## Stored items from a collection
****************************************
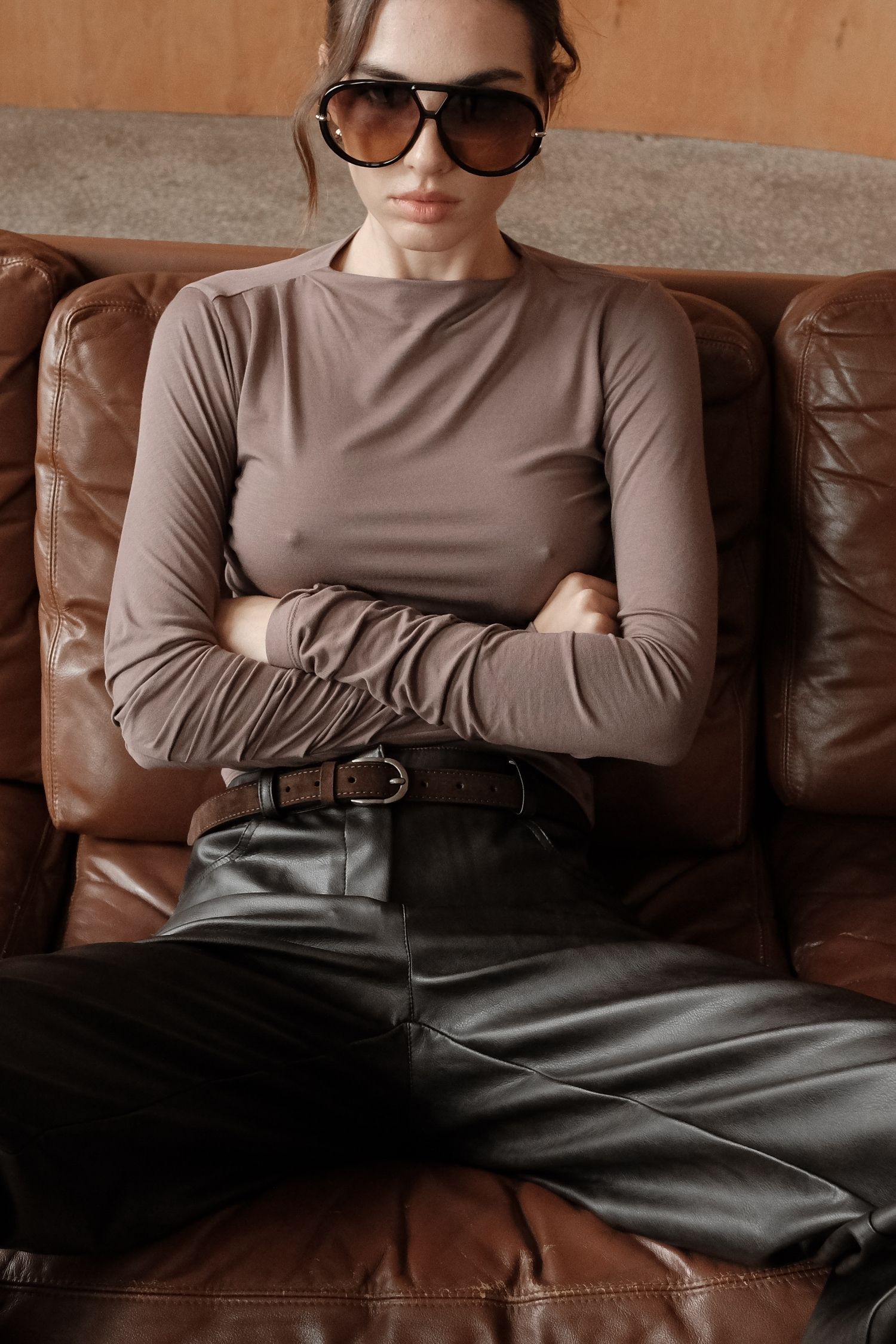 ДоставкаЖіночий лонгслів у відтінку капучино, виконаний із легкого віскозного трикотажу.
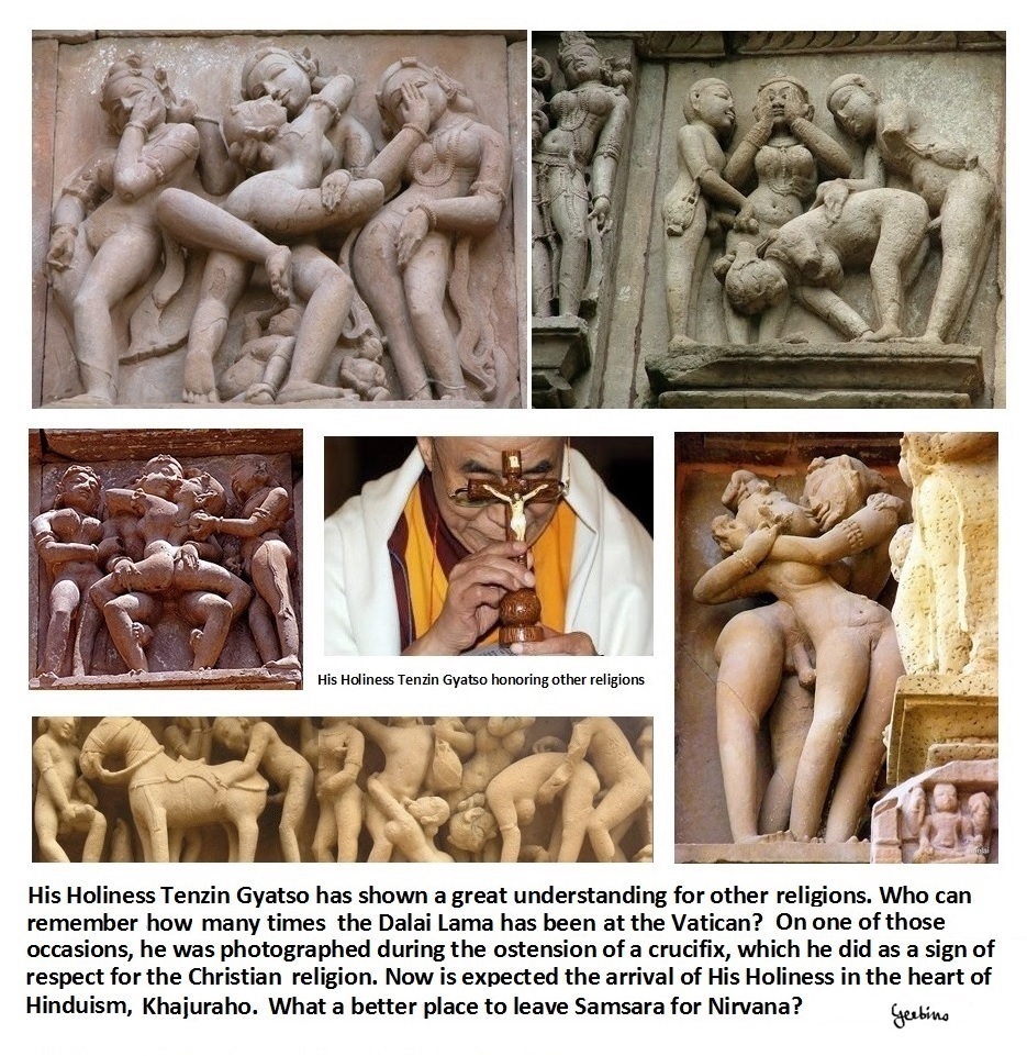 His Holiness Tenzin Gyatso has shown a great understanding for other religions. Who can remember how many times the Dalai Lama has been at the Vatican? On one of those occasions, he was photographed during the ostension of a crucifix, which he did as a sign of respect for the Christian religion. Now is expected the arrival of His Holiness in the heart of Hinduism, Khajuraho. What a better place to leave Samsara for Nirvana?
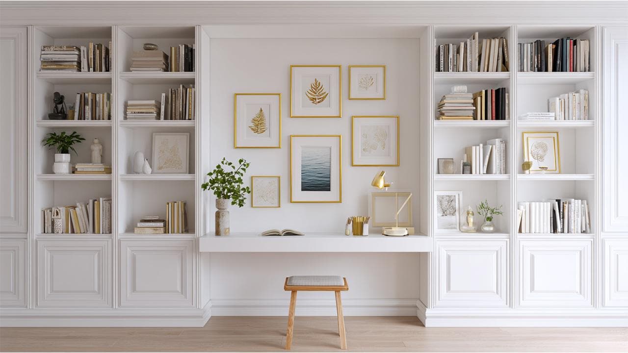 Neutral Zoom Background Modern Aesthetic Modern Home Office Wall Sh...
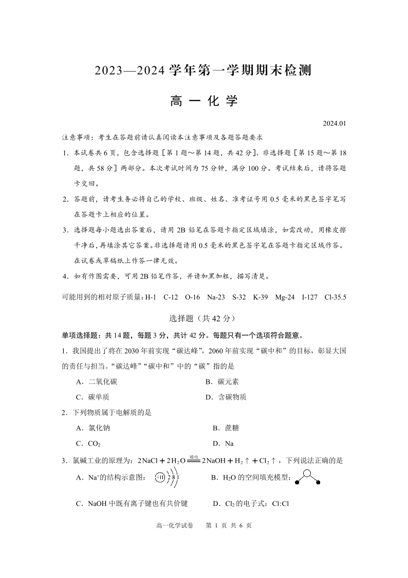 江苏省扬州市2023-2024学年高一上学期期末考试化学
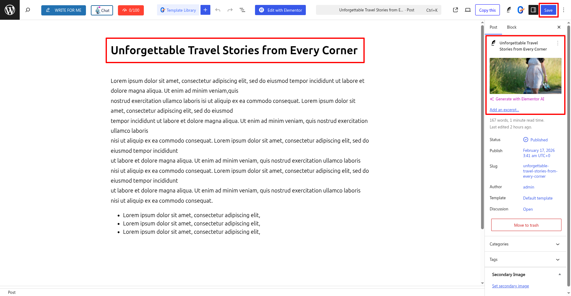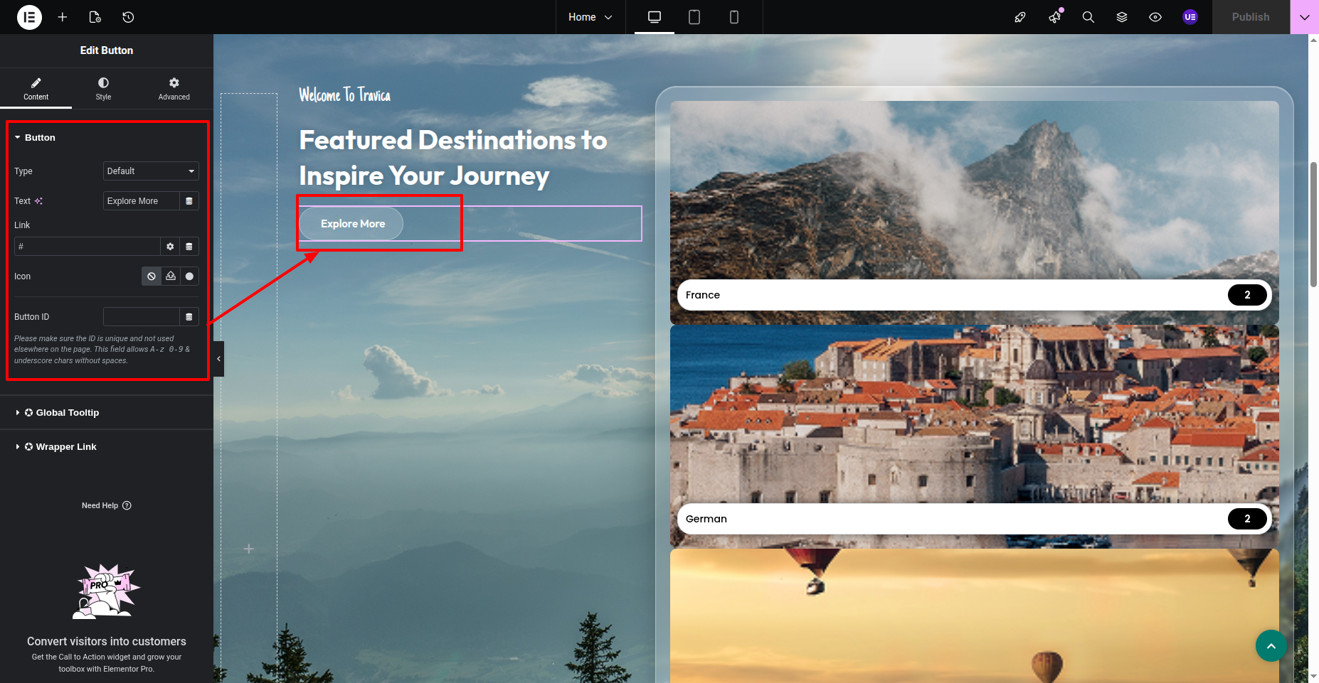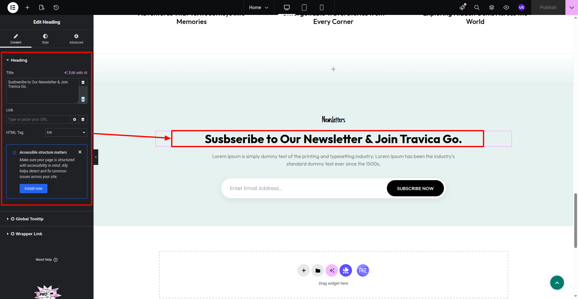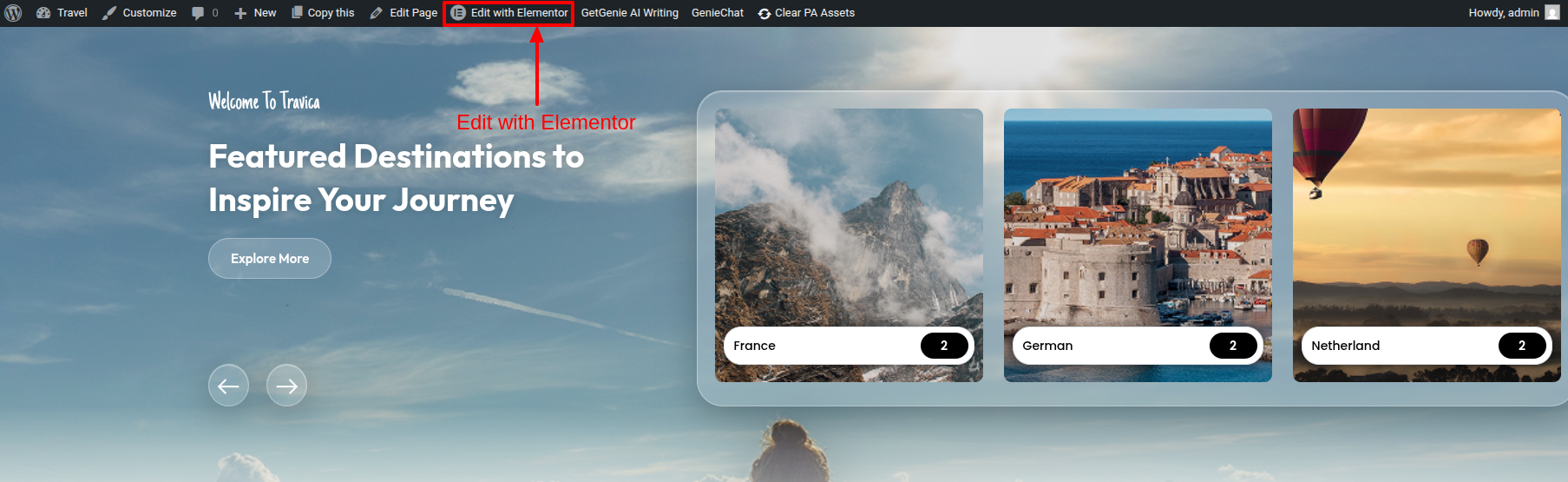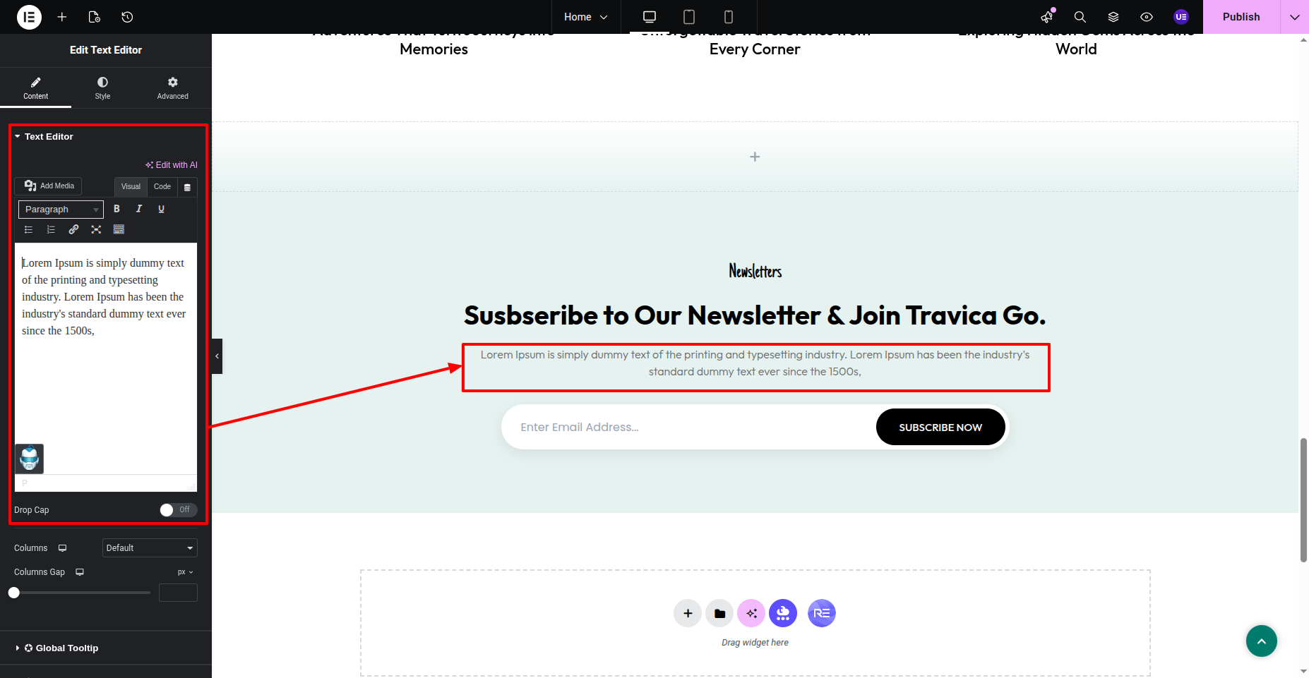 To Edit this Section, Click On the "Edit With Elementor" Button which will open the Elementor Widget editor.
****************************************
## WHAT TO PRODUCE
Output the data exactly, pictures omitted.

## SOLUTION FOR THIS TASK
 ДоставкаЖіночий лонгслів у відтінку капучино, виконаний із легкого віскозного трикотажу.
 His Holiness Tenzin Gyatso has shown a great understanding for other religions. Who can remember how many times the Dalai Lama has been at the Vatican? On one of those occasions, he was photographed during the ostension of a crucifix, which he did as a sign of respect for the Christian religion. Now is expected the arrival of His Holiness in the heart of Hinduism, Khajuraho. What a better place to leave Samsara for Nirvana?
 Neutral Zoom Background Modern Aesthetic Modern Home Office Wall Sh...
 江苏省扬州市2023-2024学年高一上学期期末考试化学
 To Edit this Section, Click On the "Edit With Elementor" Button which will open the Elementor Widget editor.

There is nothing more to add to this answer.